NASHVILLE – In this case, home is not where the heart is. It is where the history and records reside.
For nearly 40 years, players for the Houston Oilers basked in a love affair with that city, a passion play that included the first two American Football League championships, the introduction of the run-and-shoot offense into the NFL and the opening of a stadium, the Astrodome, that was once dubbed the Eighth Wonder of the World. The adoration on both sides peaked during the Luv Ya Blue era of the late 1970s, when a native Texan, O.A. “Bum” Phillips, was head coach.
This weekend, though, led by Tennessee Titans controlling owner Amy Adams Strunk, the franchise that her father founded in 1960 as an original member of the AFL takes its most significant step yet to bridge the gap between what was and what is. Phillips will be inducted into the team’s Ring of Honor during Sunday’s game with the Indianapolis Colts at Nissan Stadium, and in connection with that ceremony, roughly 80 former players from the Houston era will be in town to mark the occasion and to take part in what the team has dubbed Oilers Tribute Week.
“I think we were all connected,” Curley Culp, a Hall of Fame defensive lineman, said. “I don’t think we were lost at all. The name may change, but I think the family stays the same to a great extent. I think we all love and appreciate that.”
The franchise relocated in 1997 and after two years as the Tennessee Oilers rebranded in 1999 in the Titans. The decision was made in response to a clear disinterest from the new fan base in the history and the heritage of the club, and a desire for an identity that had some clear connection to Middle Tennessee. Founder and then-owner Bud Adams, at first, resisted any notion of change but eventually relented in the name of good business.
For former Oilers players, that created something of a void, one that deepened when Houston was granted an expansion franchise, the Texans, which began play in 2002. For example, when the Browns left Cleveland the league demanded that the history stayed with the city so when that team was rebranded as the Baltimore Ravens, it effectively was an expansion franchise. The Colts remained the Colts when they went from Baltimore to Indianapolis. The Rams and Cardinals kept their respective names and histories when they moved. Everywhere the Raiders have been, they have remained the Raiders.
The Oilers, however, existed in a sort of purgatory. Their exploits are part of the Titans’ history books, albeit a part largely ignored by the current fan base. The echoes of their actual exploits still resonated back in Southeast Texas.
“Nashville, Tennessee is where our legacy went,” Hall of Fame quarterback Warren Moon said. “It doesn’t matter where you are, we’re still all connected. I’m just kind of glad that Amy reached out to all the former Oiler players and gave them a place that they can call home now because for a long time – especially for guys who only played for the Oilers – they really didn’t have a place they could call home, a place where they could come back for an alumni weekend or come back and watch the team practice or whatever.

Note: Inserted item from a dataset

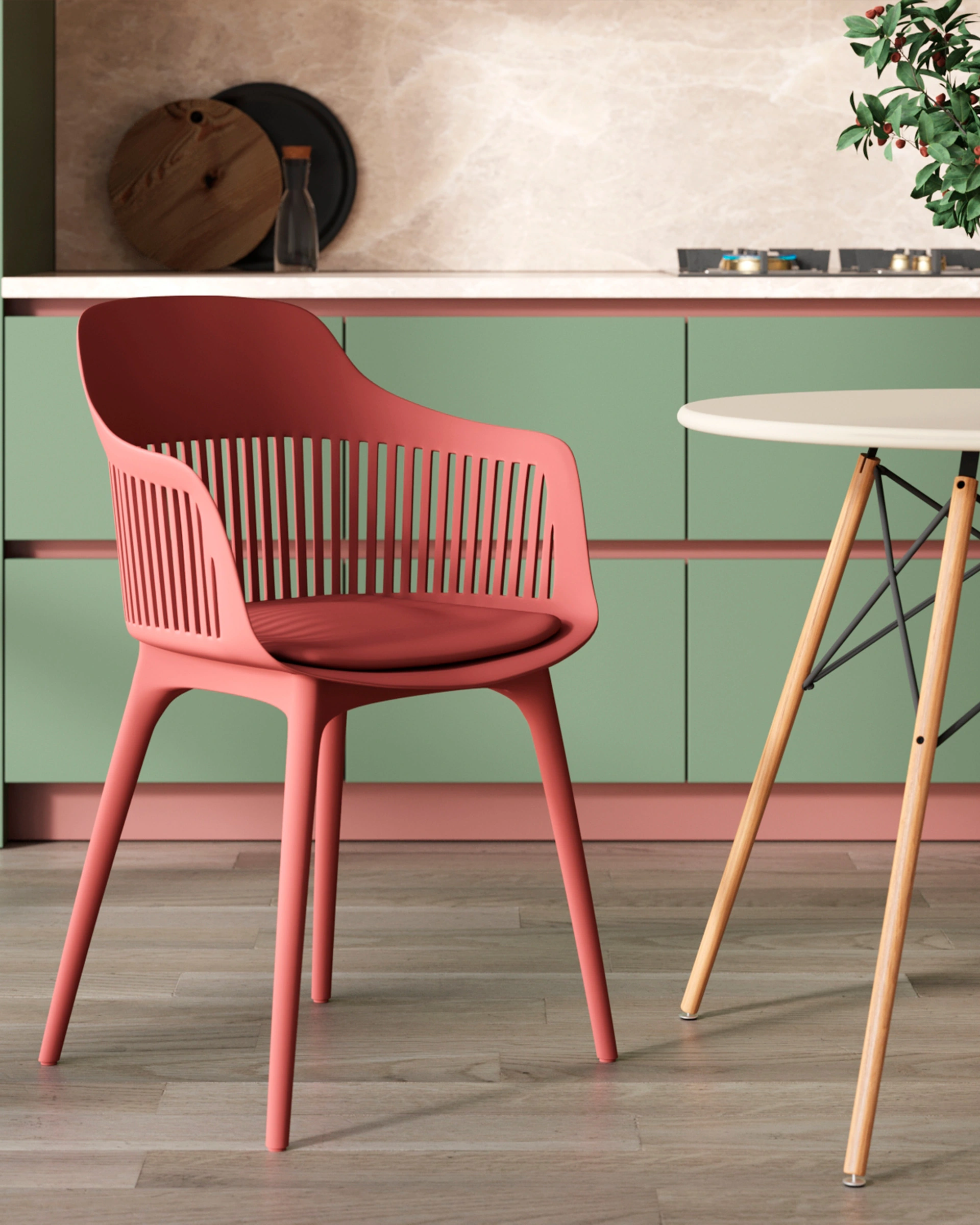 Стул Crocus предназначен для обустройства обеденных зон, кухонь, гостиных. Декорированная спинка, переходящая в подлокотники, сиденье и ножки стула выполнены из ударопрочного, износостойкого пластика. Эргономичная форма обеспечит надежную опору, а удобные подлокотники добавят уюта. Для большего комфорта, на сиденье имеется подушка в обивке из экокожи. Такой материал устойчив к действию влаги, не деформируется, легко поддается чистке и не содержит вредных компонентов.

“She’s done that now by reaching out, not only this year but the last couple years we’ve had some functions in Houston. Now, she’s actually brought everybody here to Nashville, and I’m sure all these guys are very, very grateful about it, especially the guys who never played for another organization but the Oilers.”
Franchise officials recently revealed that the Ring of Honor into which Phillips will be inducted will be reimagined in the coming years. Part of the goal is to make it more accessible and interactive for fans in order to highlight the history of the organization, particularly its time in Houston so that the fans who come to Nissan Stadium every Sunday will have a better sense of who and what came before 1997.
Phillips will become the 15th member of the Ring of Honor when he is formally added. That number will grow to 17 later in the season when former coach Jeff Fisher and former general manager Floyd Reese, two prominent figures during the earliest days in Tennessee, are added.
“You give your heart and soul to a franchise,” Hall of Fame linebacker Robert Brazile, a member of the Ring of Honor, said. “I only played for one team, and the 10 years that I played I never missed a game, I never missed a practice and started every game.
“That team changed and left Houston. … When the name changed, it did have an effect on me mentally. But now it’s all sweet because of what Amy’s doing today. ... She reached out to us, to warm us to another home. So, we may be Oilers, but I think we're going to all die Titans."